Uma questão de panorama?
Tive a honra de, pela segunda vez consecutiva, ser convidado
pela Reitoria da Universidade Amílcar Cabral para colaborar na Semana Académica
organizada sob o lema “Pensar para
melhor agir”. O objectivo declarado é “promover uma reflexão sobre temas
pertinentes que enfrenta o ensino superior da Guiné-Bissau” (sic).
Num momento em que o país dá sinais preocupantes – hoje mais
do que nunca – sobre a banalização do conhecimento e caminha vertiginosamente
para o colapso do sistema educativo, incluindo a nível do ensino superior,
achei a oportunidade propícia para falar de um capítulo de um dos meus próximos
livros, nomeadamente sobre “O novo panorama das TIC na era da fibra óptica”.
Sendo o nosso país o único da África Ocidental que até
hoje não está directamente conectado a nenhum dos cinco (5!) cabos submarinos de fibra
óptica que passam ao largo da nossa costa, não possuindo consequentemente
acesso internacional directo à internet por essa via, a superação desse
inexplicável e inaceitável handicap cria
naturalmente muita expectativa e pelos mais variados motivos.
Assim, a iminente amarração ao cabo submarino da ACE -
há muito anunciada, mas por concretizar na prática – apresenta-se como uma
viragem de página do ponto de vista tecnológico, inaugurando uma nova era das comunicações
e de tudo quanto em torno delas gira. Uma era de muitas oportunidades, certo,
mas também de ameaças e desafios.
Um desses desafios (eu diria até o maior de todos eles)
é a criação e consolidação de capacidades nessa área, que é unanimemente reconhecida
em todo o mundo como estratégica, porquanto catalisadora de todos os processos de desenvolvimento económico,
cientifico, social, cultural, educacional, etc. São capacidades endógenas que habilitem o
país a retirar o devido proveito das oportunidades que se abrem, alavanquem a sua inserção
na economia do século XXI, atribuindo-lhe alguma viabilidade na era da economia
baseada no conhecimento. Trata-se de um exercício em várias vertentes, que
requer, a priori, criar o ambiente e
as condições objectivas susceptíveis de promover um maior acesso e melhor acessibilidade
ao serviço. Isso passa obviamente por um investimento adequado na educação/formação.

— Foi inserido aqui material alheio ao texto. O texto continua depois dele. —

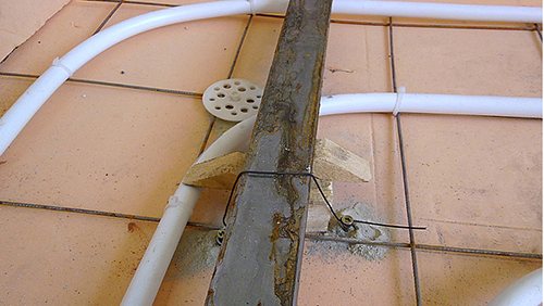 Това предполага, че замазката над тръбите трябва да бъде най-малко 45 mm. Когато се използва армировка като телена мрежа с отвори 100 x 100 mm и диаметър 3 mm, дебелината на замазката може да бъде намалена с 10 - 15 mm.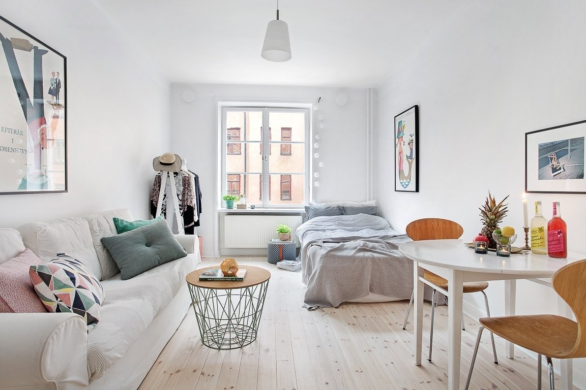 Подойдёт владельцам маленьких квартир, которые любят простоту. В сканди даже студия может выглядеть просторной.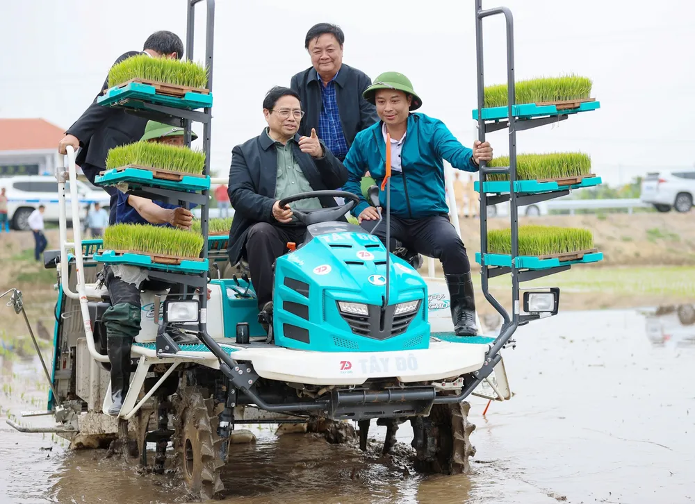Sau khi nghe báo cáo về tình hình sản xuất lúa vụ đông xuân 2024 và việc ứng dụng cơ giới hóa trong gieo cấy lúa, mô hình ứng dụng nông nghiệp công nghệ cao trong sản xuất lúa tại Hải Dương, Thủ tướng trực tiếp ngồi máy cấy để điều khiển cấy lúa trên cánh đồng. Tiếp đó, Thủ tướng và đoàn công tác thăm vùng sản xuất cà rốt tập trung phục vụ xuất khẩu; thăm Hợp tác xã Đức Chính, cơ sở sơ chế, đóng gói cà rốt và cắt băng chúc mừng xuất khẩu lô hàng cà rốt đầu xuân tại xã Đức Chính, huyện Cẩm Giàng. Thủ tướng đã thu hoạch cà rốt cùng nông dân và nói chuyện, động viên tại khu vực thu hoạch cà rốt.
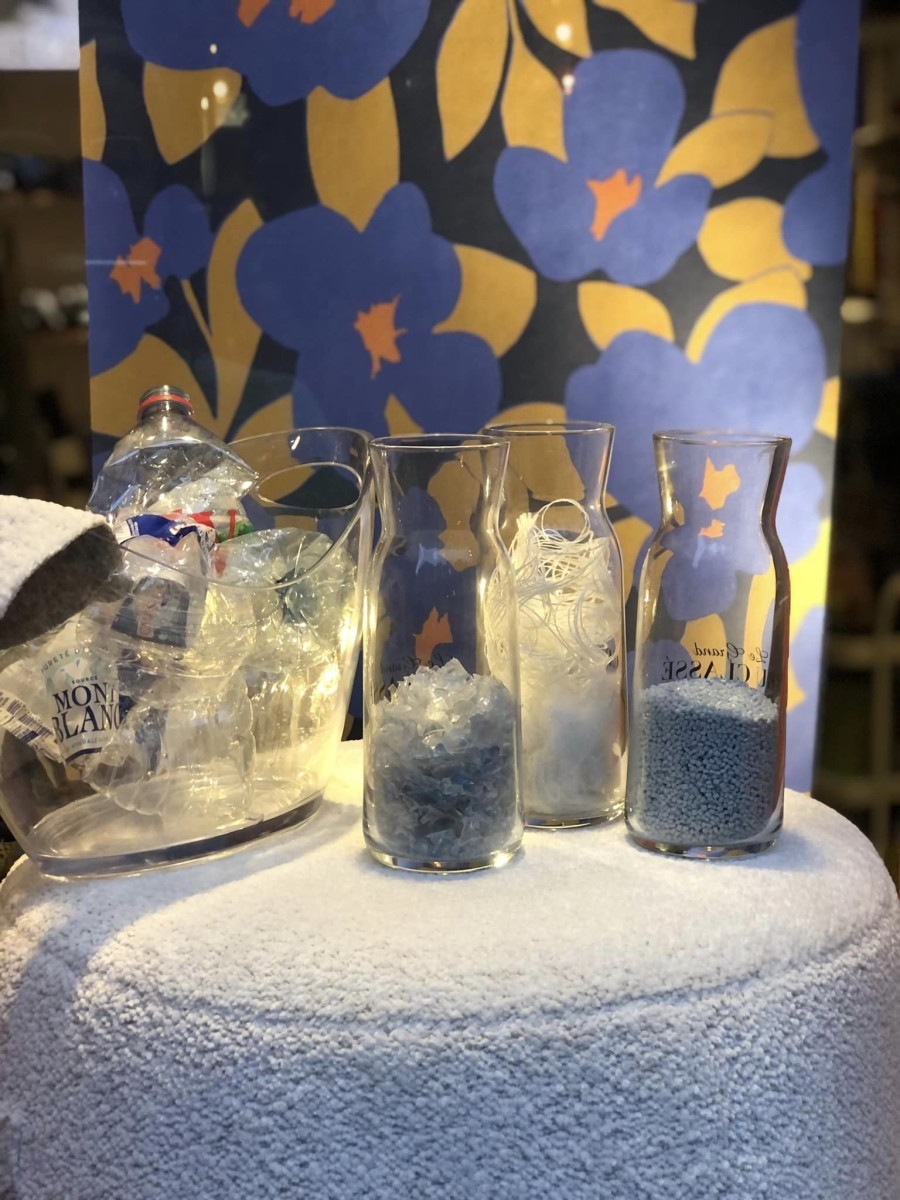 Pouf en tissus 100% recyclé. Tissus réalisé à base de bouteilles en plastiques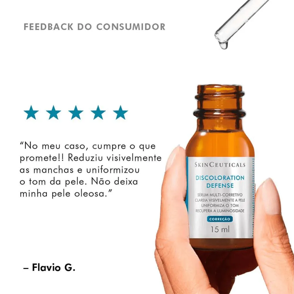 Skinceuticals Discoloration Defense Sérum Multicorretivo 15mlSkinceuticals Discoloration Defense Sérum Multicorretivo 15ml É formulado para combater e corrigir problemas relacionados à descoloração da pele, incluindo manchas escuras, hiperpigmentação e irregularidades no tom de pele. Sua ação visa proporcionar uma pele mais uniforme e luminosa, atuando como um aliado no tratamento de discromias e imperfeições cutâneas.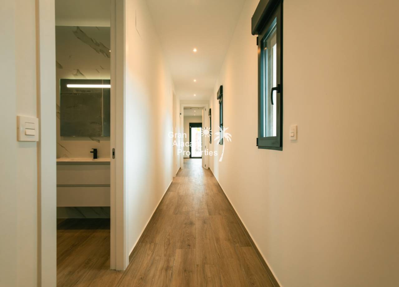 Inside, the home features three bedrooms and two bathrooms, offering a comfortable and functional space. The kitchen is equipped with modern appliances, ensuring convenience in daily life. Air conditioning and pre-installation of air conditioning guarantee a pleasant environment throughout the year. Built-in wardrobes provide efficient storage, maintaining order and organization in the home.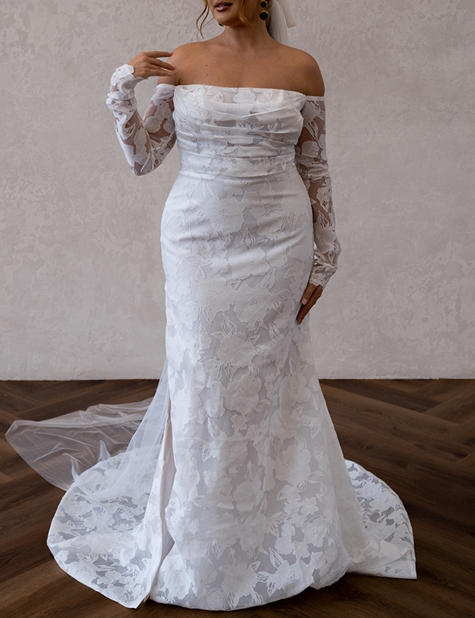 kennedy Published July 16, 2025 at 672 × 874 MWL Kennedy sz18 Truly elegant and classic, but sure to turn heads with her statement floral lace and intricate bodice rouching. Sheer off-shoulder sleeves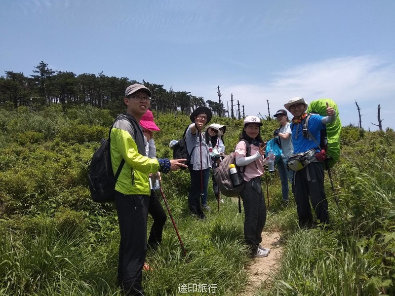 山里的空气很好,一早醒来看看天气阴沉。按计划7:30我们就出发去三尖的途步起点,简单热身后,就开启征服三尖之行。上山路上拍了一张照片,看装备就知道好几位就知道是新手,后面发现我的担心是多余的。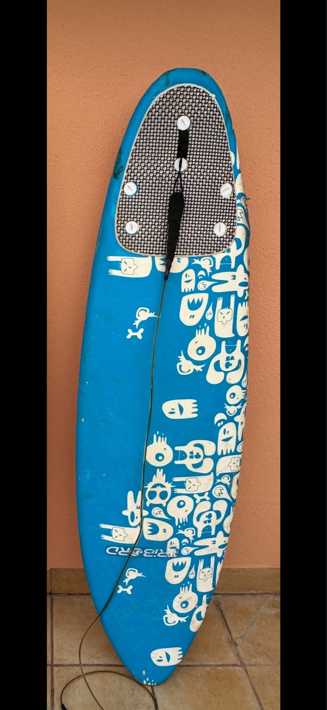 Detalles del productoTabla de surf de color azul vibrante, decorada con un llamativo diseño de personajes.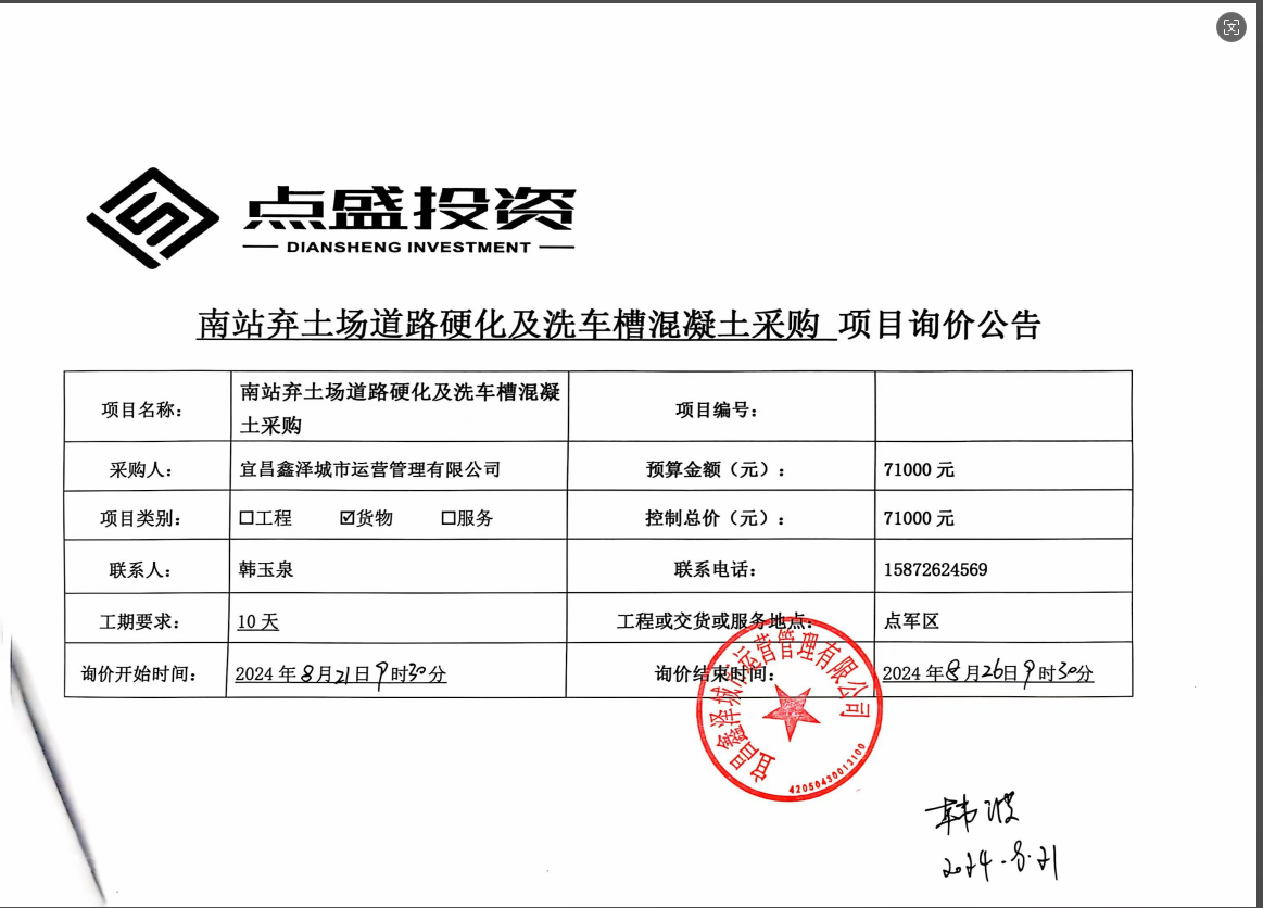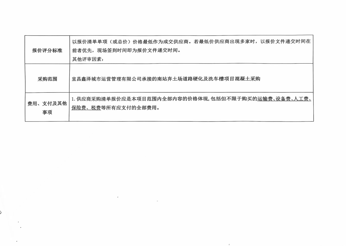 宜昌鑫澤城市運(yùn)營管理有限公司南站棄土場道路硬化及洗車槽混凝土采購項(xiàng)目詢價(jià)公告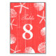 Coral Red Beach Theme Coquillages Numéros de tableau Cartes.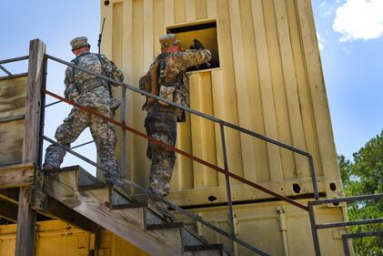 South Carolina Army National Guard members search a building before breaching a room during the Spur Ride at McCrady Training Center in Eastover, S.C., July 14, 2017. (Spc. Chelsea Baker/Army National Guard)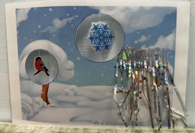 Снегиря подклеить (сверху) на нитку в окошко на дереве, снежинку подклеить (сверху и снизу) на нитку в окошке на небе.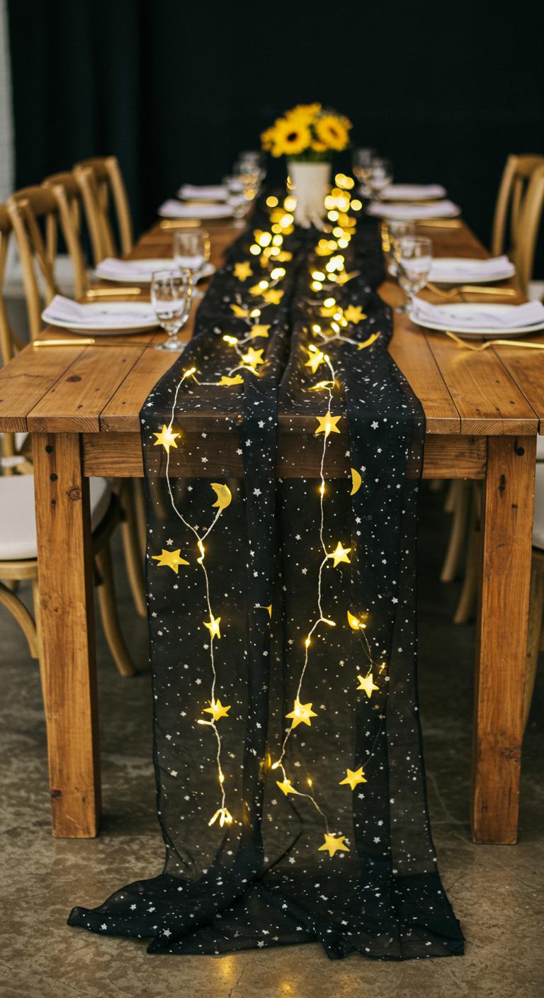 Use sheer black fabric as a table runner. It’s simple yet effective. Drape the fabric over your table and add touches like glitter stars or moon appliques. Add fairy lights to create a cozy glow. It’s a straightforward DIY project that transforms your dining space. For extra flair, layer different fabrics for depth. This can tie in with your overall theme, making your table look enchanting. Guests will be captivated by the ethereal touch.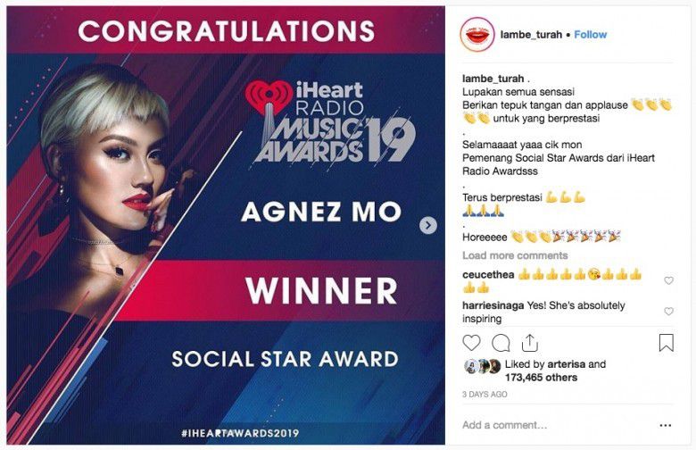 Kemenangan Agnes tersebut tentu semakin membuat para fans semakin cinta kepadanya. Postingan akun @lambe_turah tersebut akhirnya dibanjiri pujian kepada Agnes. Bagaimanapun prestasi skala internasional selalu menjadi kebanggaan rakyat negeri +62 ini.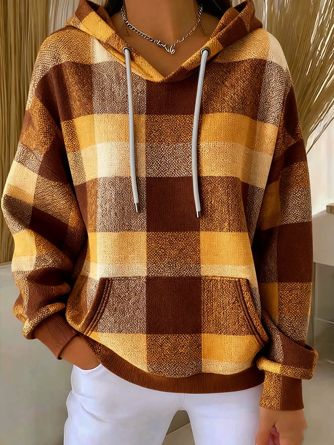 Women's Casual Retro Plaid Autumn And Winter Zipper Sweatshirt
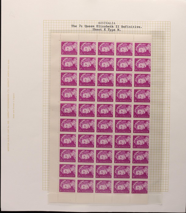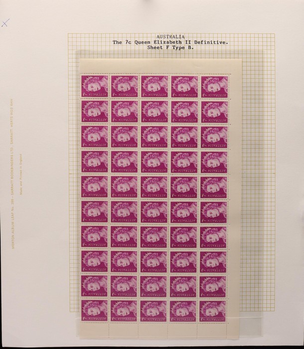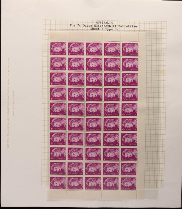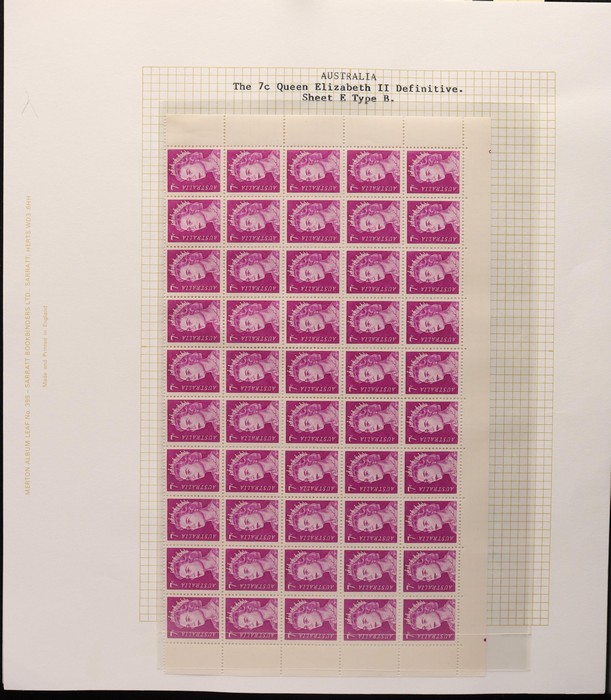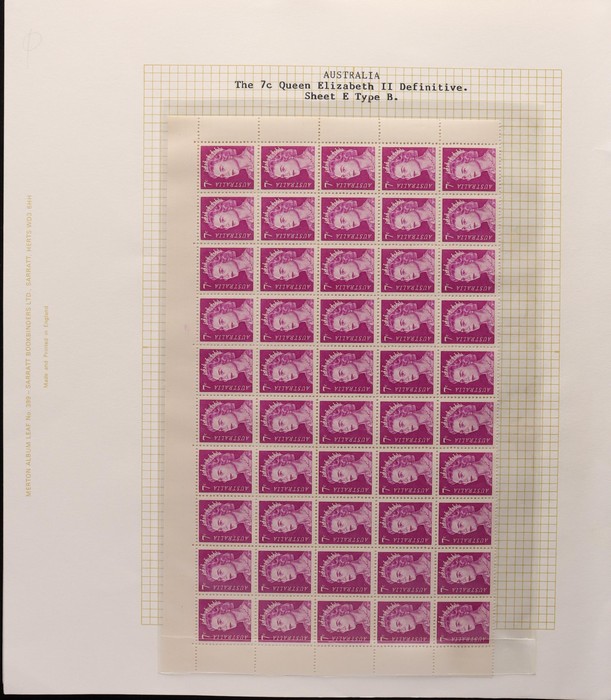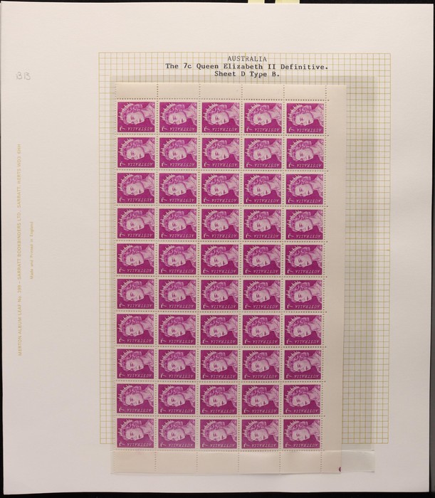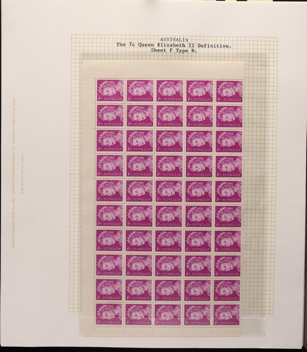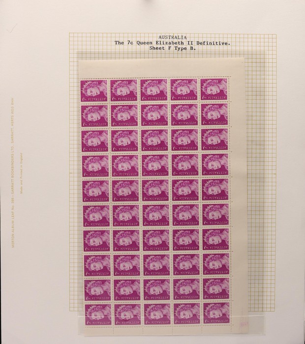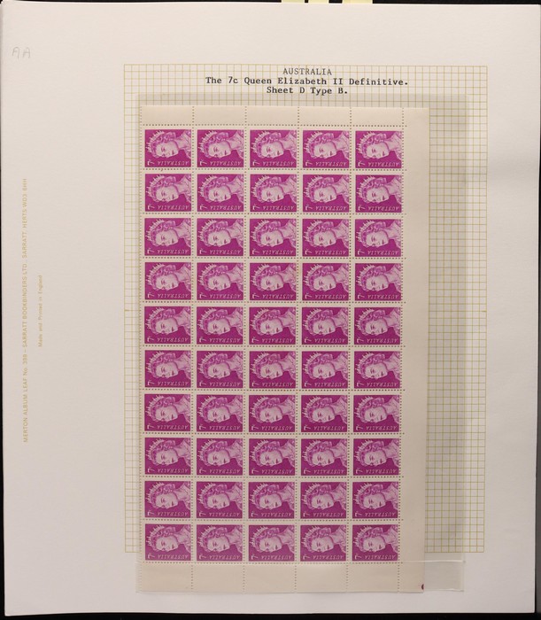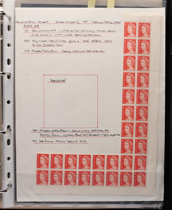 242 image1966-71 QEII 7c purple specialised collection (1800) on leaves in springback album with plate number 14 blks of 20 (10, cat $300), Sheet A UL cnr blks of 49 (2) inc 'line through pearl' (Pos 1/2) & 'pale face' (4/5). Sheet B upper pane of 50 wiith type VI perf-pips & lower panes & blks of 50 (2), 30 (2) & 20 (2). Sheet C upper marginal part plate 14 blks of 20 (2). Sheet D blks in lower panes of 50 (3) inc 'missing shading lines near Queen's eye' (Pos 8/10) & LK cnr blk of 6 (3x2) with above variety retouched UL cnr blks of 8 (2) & blk of 12. LL cnr blks of 20 (4x5) & of 8 (2x4). LR cnr blks of 9 & 21 (7x3). Sheet E upper panes of 50 (2) both with 'pearl flaw' (Pos 1/1). UR cnr blks of 9 (2). Lower panes of 50 w/o plate number (4), lower marginal blk of 30 & plate -14 blk of 20, all with 'weak hair' varieties (Pos 10/10). LL cnr blks of 20 (5 diff). Sheet F upper pane of 50 & UR cnr blks of 10 (2). Lower panes of 50 (2), pane of 40, panes of 30 (4) w/o plate numbers, all with left frame varieties (Pos 10/5). Also plate -14- blks of 20 (3). All appear fresh MNH. ACSC cat over $1000. (1800) (Image1) (Image2) (Image3) (Image4) (Image5) (Image6) (Image7) (Image8) (Image9) (Image10) (Image11) (Image12) (Image13) (Image14) (Image15) (Image16) (Image17) (Image18) (Image19) (Image20) (Image21) (Image22) (Image23) (Image24) (Image25) (Image26) (Image27) (Image28) (Image29) (Image30)

O que tenho constatado nos últimos tempos relativamente
à educação, a todos os níveis, mas sobretudo no ensino superior, deixa-me com motivos mais que suficientes
para ficar preocupado, muito preocupado. Com efeito,
- Quando estudantes de informática (em fase avançada do
curso) declaram sem pudor nunca terem ouvido falar de UNIX;
- Quando universidades e institutos que outorgam diplomas
de nível superior não dispõem de corpo docente compatível com o estipulado na famigerada ‘Lei
do ensino superior’;
- Quando não existe preocupação palpável com a adequação
do curriculum à realidade do país nem tão-pouco às necessidades específicas do mercado
de trabalho;
- Quando não há os recursos nem as infra-estruturas internas minimamente exigíveis
para satisfazer os requisitos mais elementares do processo de desenvolvimento
do raciocínio lógico e da intuição, fundamentos da ciência da computação e de
todos os outros saberes associados às tecnologias da informação e da comunicação;
-Quando a motivação central dos decisores e de alguns
promotores é centrada essencialmente na viabilidade financeira da instituição;
-Quando a atitude, tanto dos órgãos de tutela como dos de
regulação, se fundamenta na teoria da avestruz,
Não admira que os índices de inovação tecnológica e de
governação electrónica do país sejam (continuam a ser, ano após ano) dos piores do continente!
É também nisso que é preciso “pensar para melhor agir”, tanto mais que a acompanhar a entrada na
era da fibra óptica há uma factura de mais 35 milhões de dólares americanos (que
já deve estar a render juros) que é preciso começar a liquidar.
Neste início de um novo ano (e mal-grado as densas nuvens escuras
que pairam no céu) é minha esperança que deste animado exercício de reflexão
tido com os estudantes da UAC – potenciais decisores do destino do país – surja
algum incentivo adicional para, na altura certa, suficientemente “agir para melhor pensar”.